In Talend Open Studio, you can apply processing directly to a spreadsheet in preparation for loading into a data mart. However, it's often better to do this type of work in the database itself. This is because of the flexibility and performance of running queries directly in the database process. For example, rather than gathering surrogate keys outside of the database using tMap and lookups from a file processing loop, load the data into the database and use a query containing high-performance joins for additional transformations.
Start by defining the main processing loop based off of tFileList. This will feed into a tMap component. The tMap component can provide some basic NULL-checking and data type validation, spooling any rejects off to reject table.
This is a Talend Open Studio job containing 3 subjobs that load a directory of spreadsheets into a MySQL table, leaving the results in place for additional processing.
|Talend Open Studio - A Typical ETL Staging Job|
While the tMysqlOutput components have an option to Clear or Truncate tables, we want to leave the records from each iteration in order to gain an economies of scale.

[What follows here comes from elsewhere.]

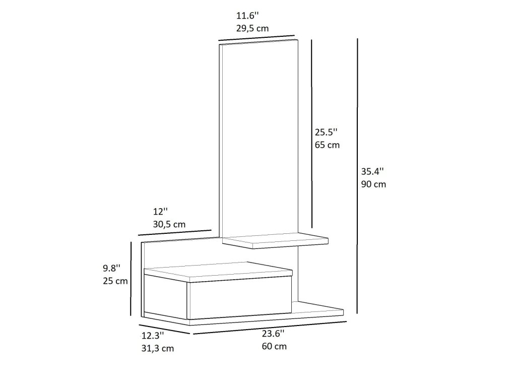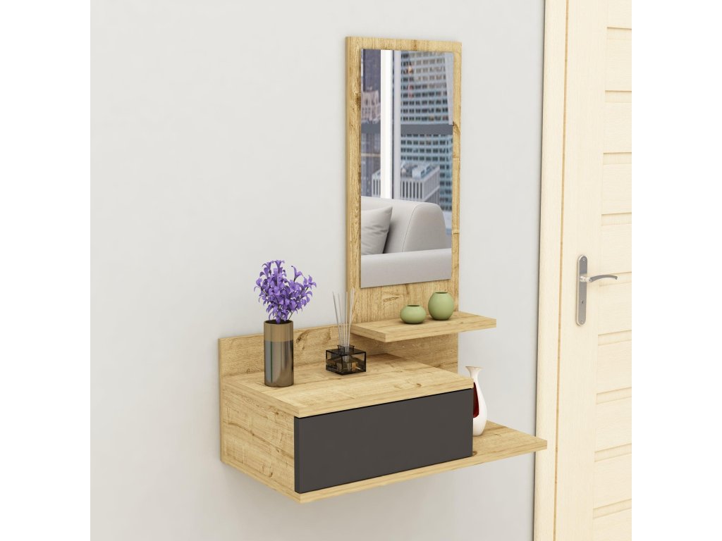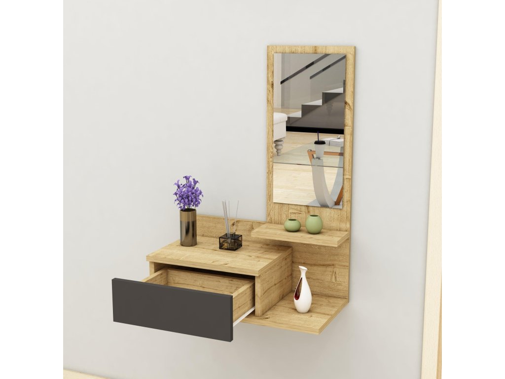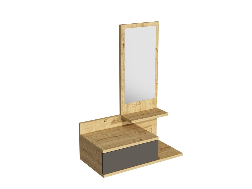 Stolík AUSTIN je navrhnutý pre moderné predsiene, kde je kľúčové efektívne využitie priestoru a estetika. Tento závesný odkladací stolík ponúka praktické vybavenie v podobe zásuvky, odkladacej police a integrovaného zrkadla, ktoré vám uľahčia každodennú organizáciu a pridá štýl vášmu interiéru.
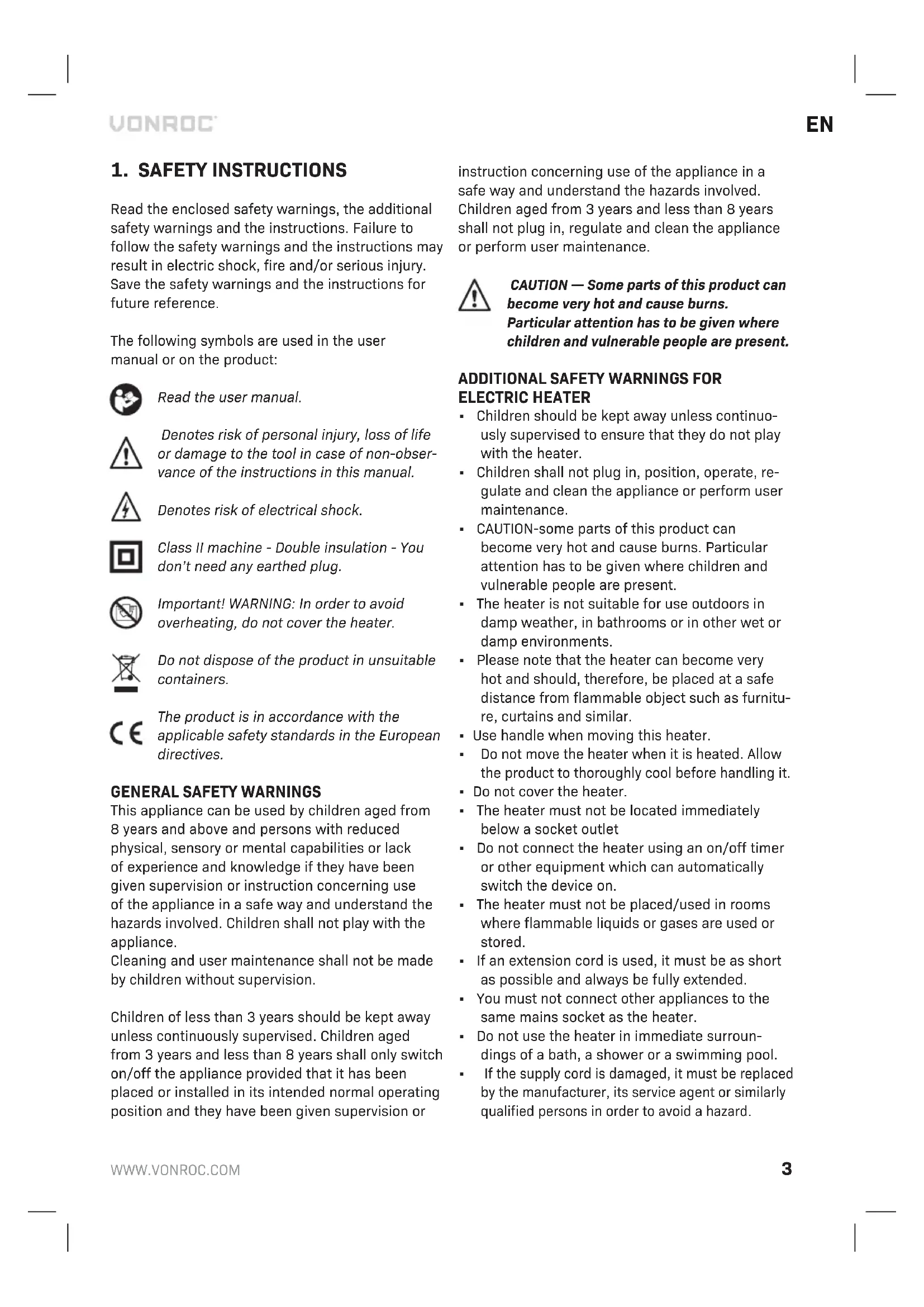 Trouble shooting In case the electric heater does not work well, we give you subjoined some possible causes and their solutions. Problem Possible cause Treatment The heater does not operate, even when it is plugged in and the switch, thermostat are switched on. The plug is loose, bad connection Pull out the plug, check the connection of the plug and socket. Then connect again. No power in socket outlet Insert the plug in a proper socket The heating element glowing The input voltage is too high or too low Use power supply according to the rating on the label The air inlet grill is blocked Keep the heater far way from articles like curtain, plastic bag, paper and other things which can cover the inlet or can be easily cover on the air inlet The appliance didn’t heat up, only ventilator worked The switch was not put at heating setting Turn the switch to heat setting The thermostat operated Turn the thermostat and listen if there is open/close voice. If there is no click and the thermostat is not damaged, the heater will automatic switch on when the appliance cooled down The self-retting cut-out operated Turn the heater off and inspect the blockage of inlet or outlet. Disconnect the plug and wait at least 10 minutes for the protection system to reset before attempting to restart the heater. Abnormal noise The appliance is not stands upright Put the heater on a level surface ENVIRONMENT Faulty and/or discarded electrical or electronic apparatus have to be collected at the appropriate recycling locations. Only for EC countries Do not dispose of power tools into domestic waste. According to the European Guideline 2012/19/EU for Waste Electrical and Electronic Equipment and its implementation into national right, power tools that are no longer usable must be collected separately and disposed of in an environmentally friendly way. WARRANTY VONROC products are developed to the highest quality standards and are guaranteed free of defects in both materials and workmanship for the period lawfully stipulated starting from the date of original purchase. Should the product develop any failure during this period due to defective material and/or workmanship then contact VONROC directly. The following circumstances are excluded from this guarantee:

That is, load every data file and then process the entire set in one large batch rather than flushing the contents out with every iteration. I use a single iteration of a tForeach (added a single element "once" to the list) to drive the two delete statements.
The tMap component contains logic for rejecting records. An alternate implementation would put this logic into a component like tFilterRow so that the specific failure condition could be tracked.
|Talend Open Studio - Map Only Valid Fields|
|Talend Open Studio - Mapping Reject|
Stage as String
The schemas for components like tFileInputExcel can use any simple data type available in Java: String, Integer, Date, Double. I find it useful to stage everything using very loose schemas where each field is a String. This has the following advantages
- Bring data into the system where it can be handled, and
- Allow for runtime processing related to Locales or conditional formatting.
Staging is used to load a database table where it is more convenient to analyze and process a record than a set of flat files. Once in the database, performant queries can be run without suffering the network latency of having to move data in and out of the database process. Talend Open Studio components provide the file processing and the data loading steps in this arrangement of subjobs.